Но Алаг пропустил мимо ушей Галину реплику и продолжал рассказывать по-армейски четко, строго по порядку, как будто рапортовал своему командиру о проведенной военной операции. Да, именно в эту страну был дислоцирован гвардейский полк особого назначения для обеспечения безопасности на время проведения важнейших межправительственных переговоров. Но им так и не суждено было состояться из-за вспыхнувшего антиправительственного бунта. Вот тут-то и отличился непонятно какими заслугами его будущий благодетель.

Алаг встал с бревна и нервно зашагал взад-вперед.

– Ну а такой важной особе, как генерал, не дело заниматься воспитанием какого-то сироты. Поначалу я жил в огромном ведомственном доме под одной крышей с его адъютантами и ничего, кроме однообразных солдатских будней и грубого армейского юмора, не видел и не слышал. А когда подрос, был поскорее определен в кадетское училище, так сказать, с глаз долой из сердца вон. Но это дело оказалось мне по душе, да и обстановка благоволила моим успехам. Вскоре меня заметили…

Алаг затушил костер, снял с крюка огромный котел с бурлящей водой, поставил на камень остужать. И продолжал:

– И вот год тому назад… да, да, год назад наш корпус должен был встречать правительственную делегацию из этого самого Тиньдама. Там только что произошла смена власти, и на новую возлагались большие надежды. Предстоящие переговоры имели цель наладить прерванные много лет назад экономические отношения между нашими странами. А основной упор делался на торговые связи в плане поставок сырья для целого ряда швейных и текстильных фабрик. Их строительство идет у нас в городе полным ходом.

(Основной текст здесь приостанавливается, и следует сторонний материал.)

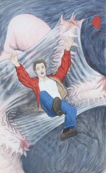 Jim Shaw, Dream Object: Paperback Cover (“I saw a guy falling into a giant membranous, disgusting throat or other orifice.”), 2008. Gouache on rag board mounted on plywood, 10 ½ x 6 ¼ in (26.7 × 15.9 cm). Courtesy Galleria Massimo De Carlo, Milan/London

– Да, да, – взволнованно подтвердила Гала и тоже вскочила со своего места. – Я помню, помню! Нам должны были организовать большие поставки шелка, кашемира и хлопка очень высокого качества. Фуксия сделала огромные заказы…

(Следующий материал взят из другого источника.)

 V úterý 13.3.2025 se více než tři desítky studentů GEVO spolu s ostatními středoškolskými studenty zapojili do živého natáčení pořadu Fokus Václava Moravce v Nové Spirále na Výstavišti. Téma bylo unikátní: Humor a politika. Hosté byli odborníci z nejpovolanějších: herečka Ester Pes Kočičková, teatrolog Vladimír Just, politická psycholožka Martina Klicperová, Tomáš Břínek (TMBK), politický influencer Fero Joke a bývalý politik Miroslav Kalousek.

Алаг улыбнулся, и девушка, сконфузившись, замолчала. А он закивал ей в ответ и поведал, что на том самом правительственном саммите он находился в почетном карауле президентского полка на дворцовой площади. А их, будущих блестящих офицеров, под громкие звуки военного марша выпустили на передний край в парадных кадетских мундирах с алыми погонами, золотыми аксельбантами и начищенными саблями наперевес.

– И только к ковровой дорожке перед дворцом стал медленно подъезжать кортеж черных автомобилей с группой делегатов из Тиньдама, как в один момент на площадь ворвался, пробив ограждения, бронетранспортер. На нем были люди в масках, у одного из них в руках черный флаг с белым крестом.

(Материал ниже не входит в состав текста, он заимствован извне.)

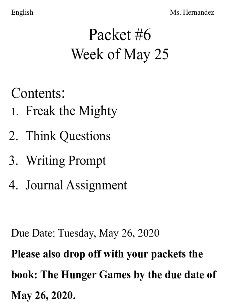 EnglishMs. HernandezPacket #6 Week of May 25 Contents: 1.Freak the Mighty2. Think Questions 3. Writing Prompt 4. Journal AssignmentDue Date: Tuesday, May 26, 2020 Please also drop off with your packets

– Это он, он! – опять воскликнула, не сдержавшись, Гала. – Флаг запрещенной группировки боевиков.

– Да, – подтвердил рассказчик, немало удивившись ее осведомленности, и продолжил: – Боевики передавали его друг другу, размахивали из стороны в сторону, палили в воздух из автоматов и кричали: «Долой президента! Долой мэра! Долой Боеслава!».

– Что? – Гала выронила из рук глиняную плошку, и та разбилась о камень. Но девушка этого не заметила. – Что, что ты сказал? Повтори.

– Долой прези…

– Нет, нет же! Имя! Чье имя ты назвал?

– Боеслав… Наверное, это их национальный герой, наверное, он сражался за свободу Тиньдама.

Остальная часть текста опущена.